Peacocks back in business and saved 2,000 jobs
Peacocks, the British fashion chain, was on the brink of total collapse when a senior executive rescued it from the administration. The exec was able to secure investments from international investors; thus, 200 stores were able to open again.
As per The Daily Mail, aside from making it possible for its 200 stores to re-open, the investments also gathered 2,000 jobs. It was a dramatic save from a sure failure as the company was brought out of administration at the last minute.
How Peacocks was revived
As mentioned earlier, a senior executive found parties who are ready to invest. He was able to bring back Peacocks after getting the much-needed support from a consortium of international investors. His move effectively saved the company’s stores from permanent closure and sure termination of workers.
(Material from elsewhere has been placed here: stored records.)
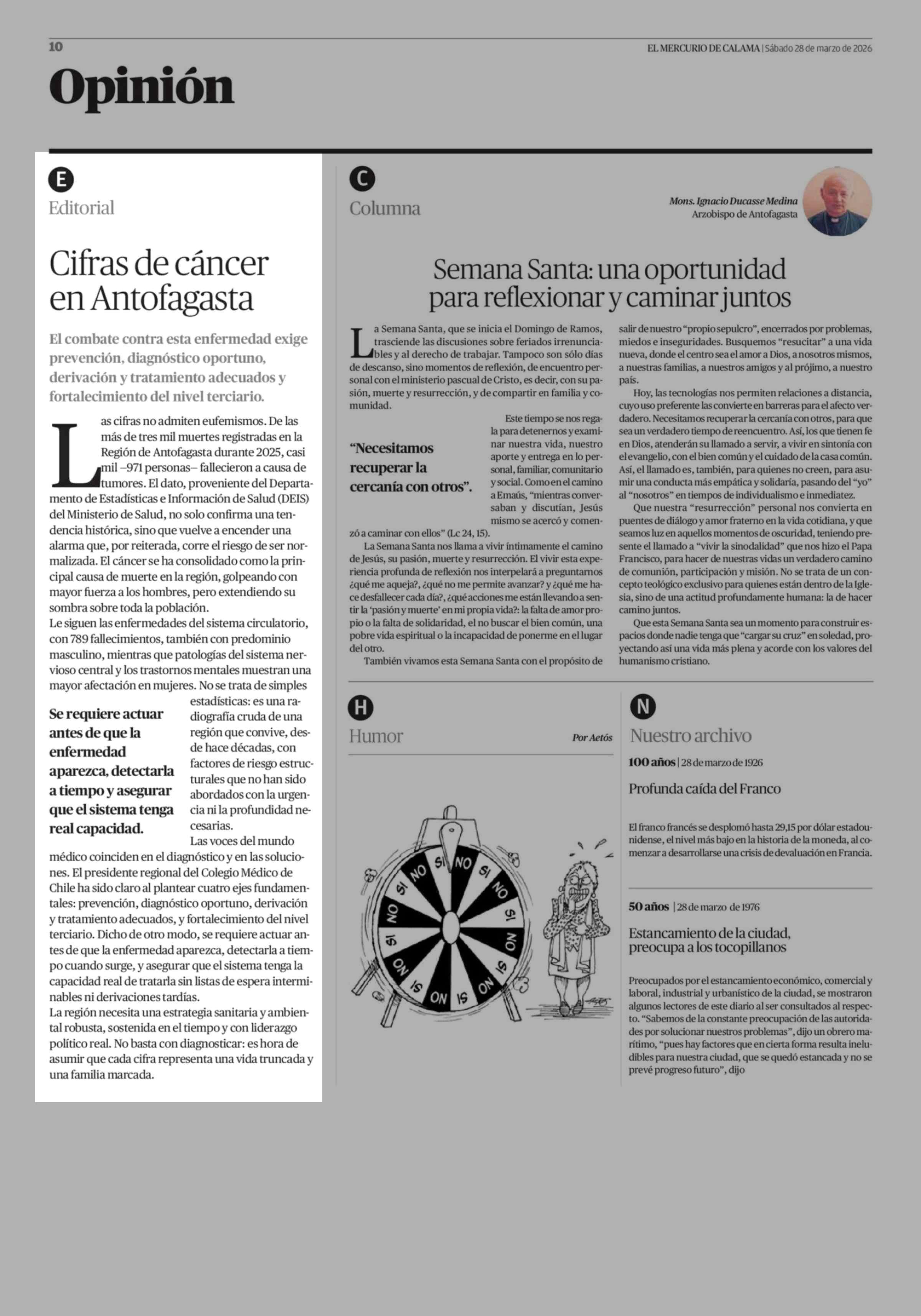 Editorial: Cifras de cáncer en Antofagasta 28-03-2026 El Mercurio de Calama |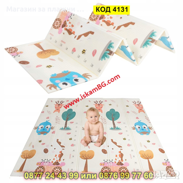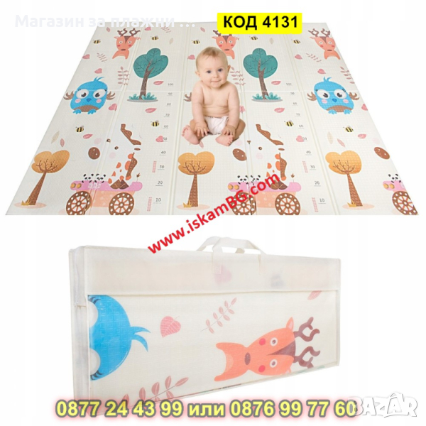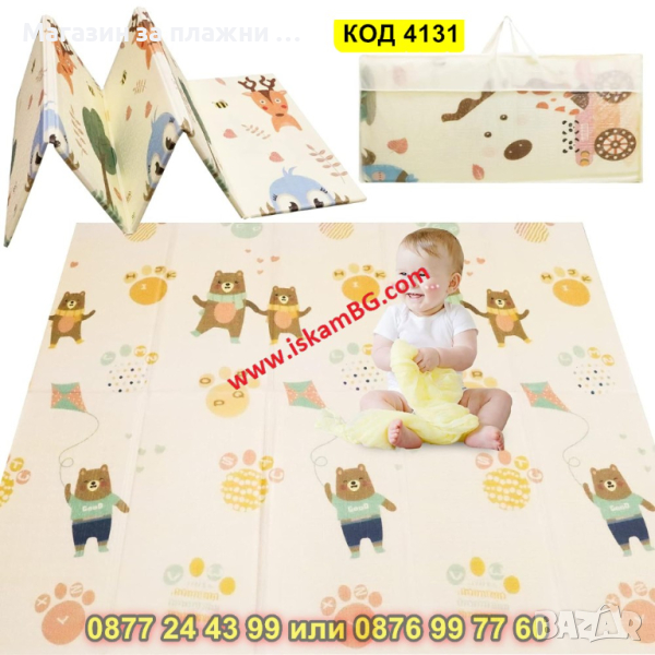 Двустранно, сгъваемо килимче за пълзене и игра от XPE пяна. Материалът, от който е изработено килимчето е нетоксичен и напълно безопасен, което го прави подходящ за употреба от деца, дори и в най-ранна възраст.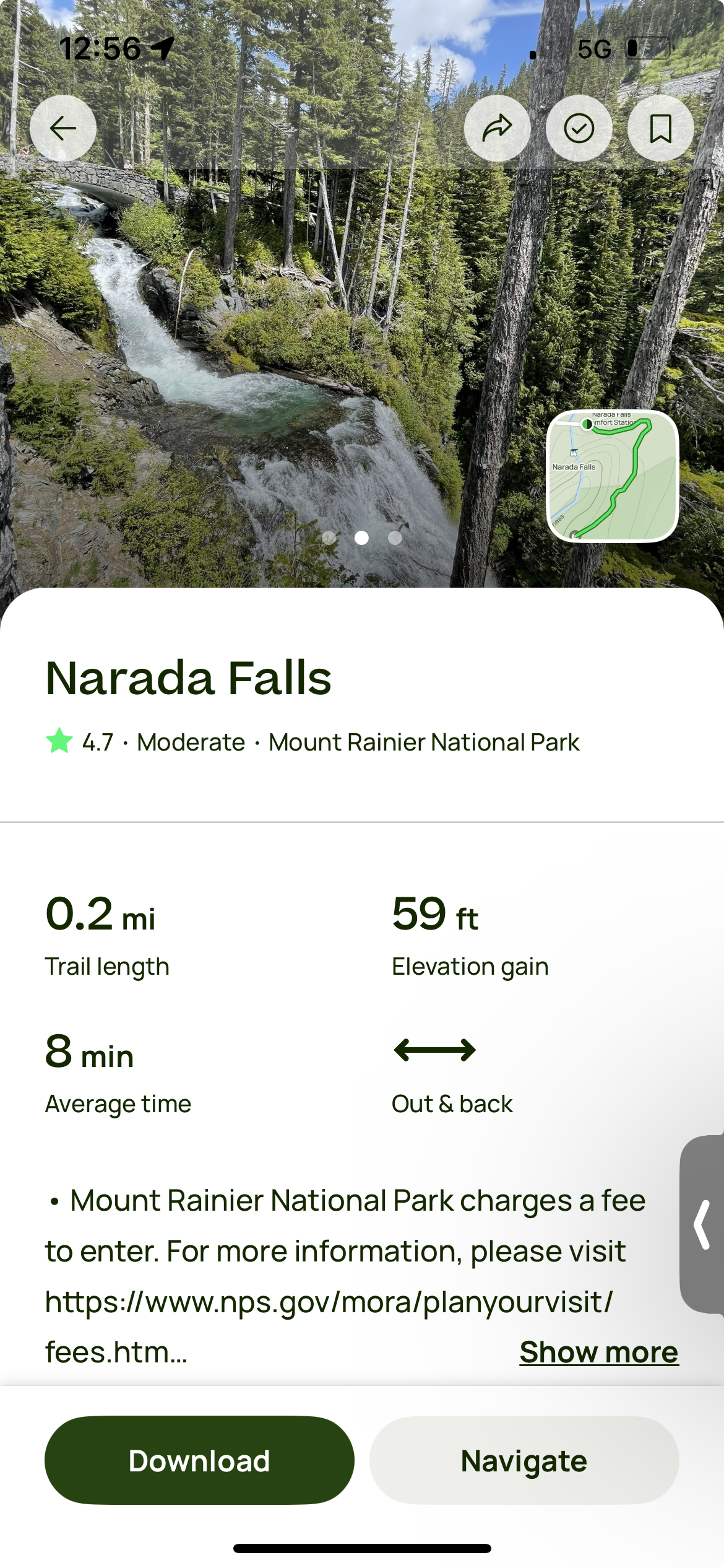 세 번째로 들린 곳은 Narada Falls이다. 이곳에서는 꼭 트레일을 걷지 않아도 잠깐 차를 세우고 폭포에서 떨어지는 시원한 물줄기를 잠시 감상할 수 있다. 하루에 눈이 하얗게 쌓인 설산과, 협곡, 폭포, 모두의 대자연을 즐기는 꽉꽉 채운 하루 일정이다.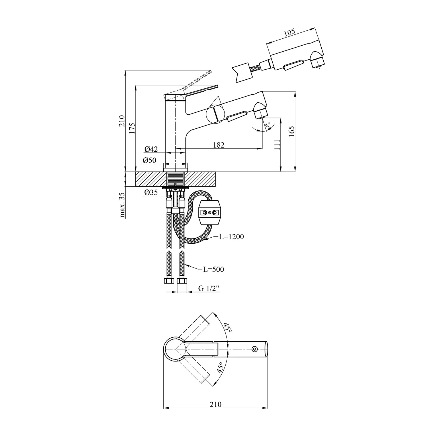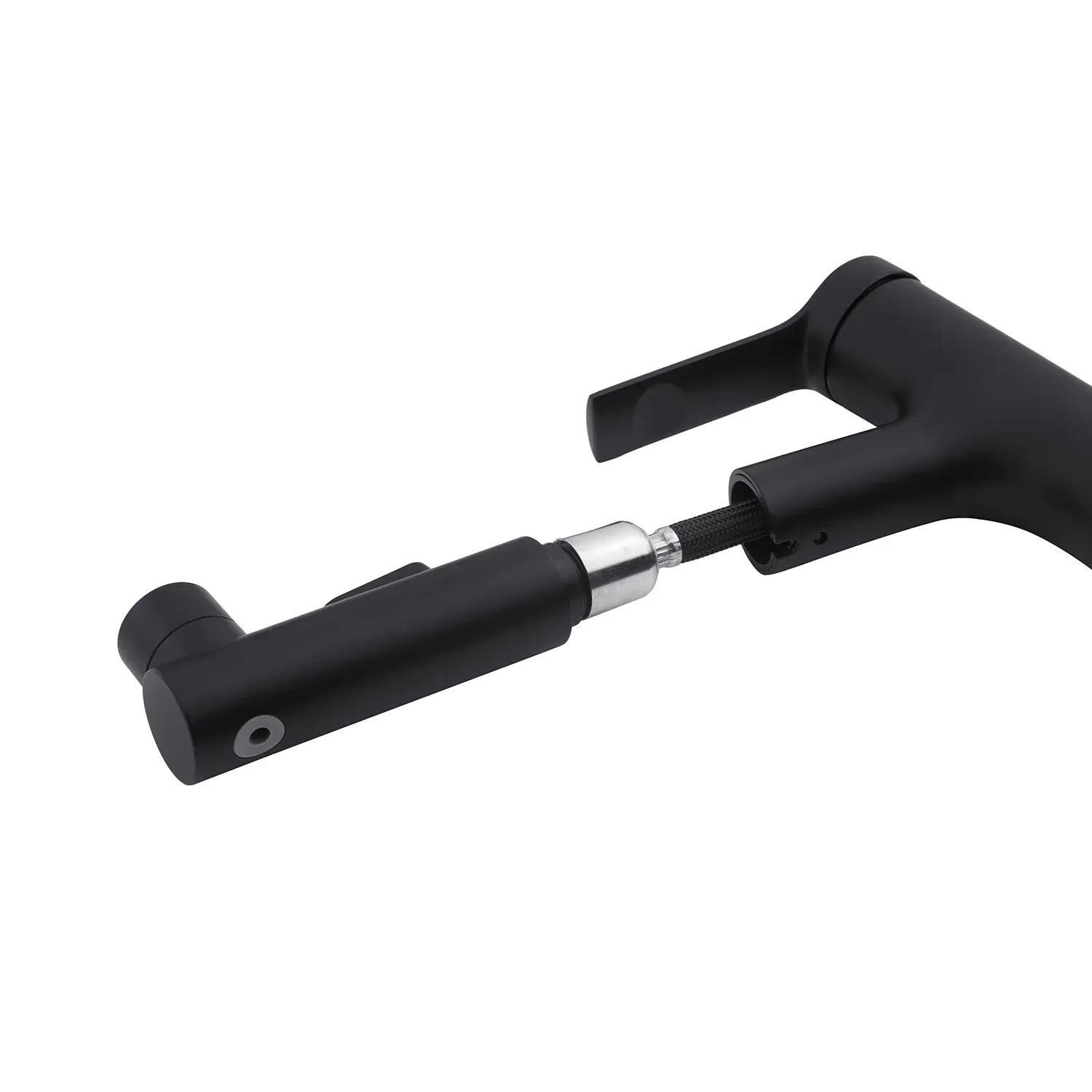 З його чорним матовим кольором цей змішувач додає елегантності вашій ванній кімнаті. Висувний поворотний вилив дозволяє легко маніпулювати напрямом води, роблячи його зручним у використанні.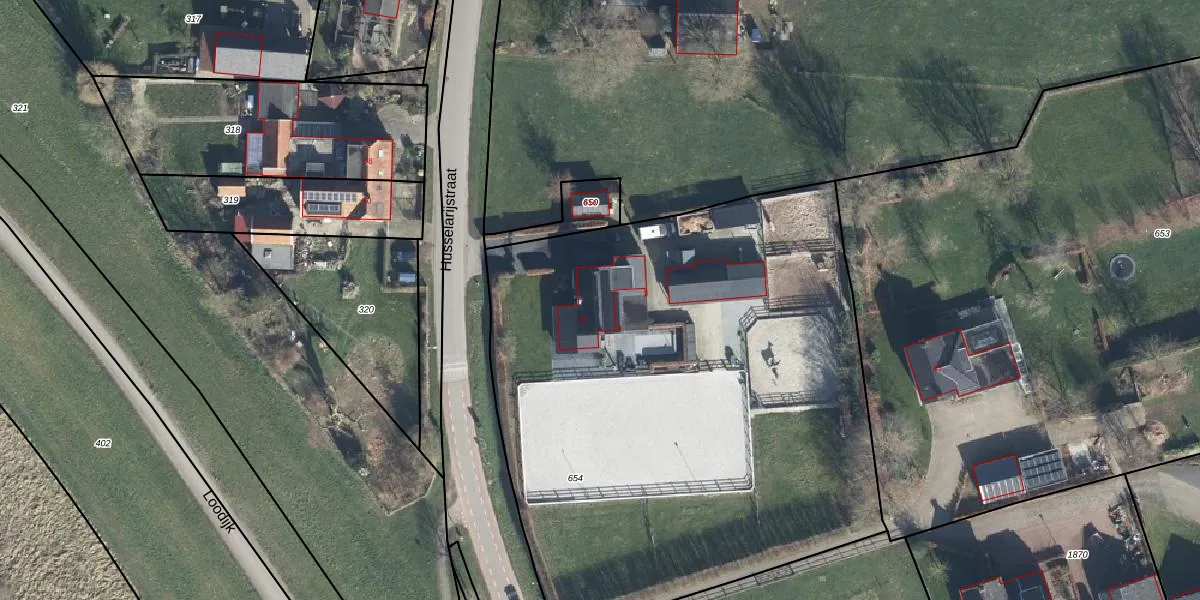 Het perceel waarop Husselarijstraat 43 staat heeft een oppervlakte van 3740 m². Dit is een zeer groot perceel. De perceeloppervlakte wordt geregistreerd door het Kadaster. Gedetailleerde informatie over de maten van dit perceel kunt u vinden in het rapport Kadastrale kaart met maatvoering van Husselarijstraat 43.

It was revealed that the consortium of international backers is based in Dubai. However, the members were not identified as they would like to remain anonymous. The amount that the members contributed to save Peacocks was also not divulged.
At any rate, Steve Simpson, the chief operating officer, will now manage the business with the support of the investors. He was the former owner’s right-hand man and will lead the team under new management called Purepay Retail. The 200 stores will reopen soon, and staff will be assigned to Peacocks outlets and offices.
Prior to the initial collapse of the Peacocks retail business, it was part of Philip Day's EWM Group retail empire. It has 423 stores and more than 4,000 staff before it went into administration in November 2020.
Philip Day does not own a stake in the newly revived Peacocks and will not have any involvement in the company. However, the consortium paid him a large amount that was not revealed. The payments are in installments and will take a few years to be completed.
The return of Peacocks in the High Street
Even with the new investments, Peacocks only managed to restore half of its stores. It will only open 200, and the remaining half is understood to be permanently closed. The company is just one of those retail chains that suffered from the devastating effects of the lockdowns due to the COVID-19 pandemic.
"Peacocks will be a much leaner beast emerging from the crisis, with its footprint of around 400 stores halved under the deal,” BBC News quoted an analyst at stockbrokers Hargreaves Lansdown, Susannah Streeter, as saying. "Shedding the excess weight of underperforming outlets will help it be more nimble but getting the online offering into better shape will be even more crucial, given its rivals are seen as racing ahead."
Finally, Peacocks is hoping to maintain the support of its partners and suppliers as it slowly recovers and opens its shops again.